-1-
Exhibit (h)(v) under Form N-1A
Exhibit 10 under Item 601/Reg. S-K
SHAREHOLDER SERVICES AGREEMENT
AGREEMENT made as of the 27th day of May, 1997, by and between Federated
Municipal Trust, a Massachusetts business trust having its principal office and
place of business at Federated Investors Tower, Pittsburgh, PA 15222-3779 (the
"Trust"), on behalf of the portfolios (individually referred to herein as a
"Fund" and collectively as "Funds") of the Trust set forth in Schedule A hereto
(as may be amended from time to time), and BankBoston, N.A., a subsidiary of
BankBoston Corp., a bank holding company organized under the laws of the
Commonwealth of Massachusetts, having its principal office and place of business
at 000 Xxxxxxx Xxxxxx, Xxxxxx, XX 00000 ("BankBoston").
WHEREAS, the Trust is registered as an open-end management investment
company under the Investment Company Act of 1940, as amended (the "1940 Act")

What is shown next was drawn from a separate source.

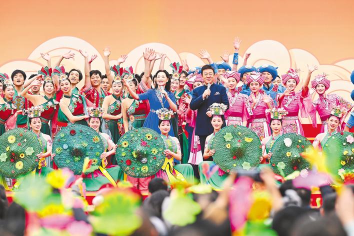 戏曲联唱更添文化交融之韵,京剧名家王艳与恩施南剧传承人杨理理合作《贵妃醉酒》,黄梅戏名家新秀联袂呈现《女驸马》经典片段,不同剧种的对话,成为文艺“结对子”的生动实践。当演员们携手唱响《母亲是中华》时,“石榴籽”紧紧相拥的深情表达打动人心。
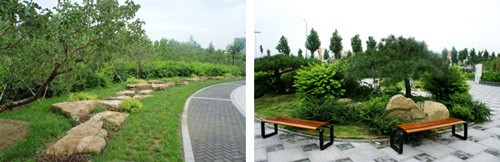 而在道路十字路口的節(jié)點處,則主要是用10cm×10cm的小花崗巖鋪地,鋪出來的路面整潔、平坦,看似簡單,實則對施工技術(shù)要求相當高。草坪中的地面鋪裝,則采用花崗巖汀步,用錯縫鋪裝法,兩塊花崗巖之間用草皮鑲嵌,就像給每塊花崗巖鑲了一道綠邊,與旁邊的草坪和諧地融為一體。貫穿整個工程的游憩步道,全部采用“人字形”的鋪裝方法,中間用透水磚、兩邊以花崗巖鑲邊,透水磚價格不高,用以鑲邊的花崗巖是利用了鋪裝中剩余的邊料,雖然用料簡單,但通過對技術(shù)的嚴格要求,鋪出的路面卻整潔而不失韻味,是一種實用、環(huán)保、節(jié)約的做法。

with authorized and issued Shares of beneficial interest ("Shares"); and
WHEREAS, the Trust has adopted a shareholder services plan (the "Plan") to
allow the Trust to make payments to obtain certain personal services for
shareholders and/or maintenance of shareholder accounts;
WHEREAS, the Trust wishes to retain BankBoston to provide certain
shareholder services of the Investment Shares class of certain of the Funds, any
other Funds and any other classes of the Funds as in the future may be added to
Schedule A to this Agreement ("Classes"), on whose behalf the Trust executes the
aforesaid Schedule A to this Agreement, and BankBoston is willing to furnish
such services;
NOW THEREFORE, in consideration of the promises and mutual covenants
herein contained, the parties hereto agree as follows:
Article 1. Appointment.
The Trust hereby appoints BankBoston to provide certain shareholder
services to the Funds for the period and on the terms set forth in this
Agreement. BankBoston accepts such appointment and agrees to furnish the
services herein set forth in return for the compensation as provided in Article
3.
Article 2. Services and Duties.
Subject to the supervision and control of the Trust's Board of Trustees,
BankBoston will assist the Trust, the Funds, and/or the Classes with regard to
shareholder services and in connection therewith undertakes to do the following
specific services:
A. Reviewing and processing information related to the activity in
applicable accounts;
B. Maintaining and distributing current copies of the Trust's
disclosure documents and reports of financial information to
current shareholders;
C. Providing an information link among departments of BankBoston
and its affiliates, Transfer Agent(s), Portfolio Accounting
Service Providers and Legal Counsel in connection with
shareholder matters;
D. Updating shareholder information relating to opening and
closing accounts with the Trust, purchase, redemption and
exchange transactions, account designations or addresses;
E. Providing an information link to customers regarding the Funds
and Classes;
F. Engaging in other ministerial tasks related to the provision
of an information link, such as maintaining required files of
certain shareholder inquiries;
G. Processing information related to the proper form of
instructions in conjunction with redemptions or changes in
account classifications;
H. Providing Portfolio Accounting Service Providers and Transfer
Agent with periodic and final daily share activity and total
outstanding share information; and
I. Reconciling shares outstanding, dividends and capital gains
distributions on the Transfer Agent and Sub-Transfer Agent
systems to the BankBoston recordkeeping system.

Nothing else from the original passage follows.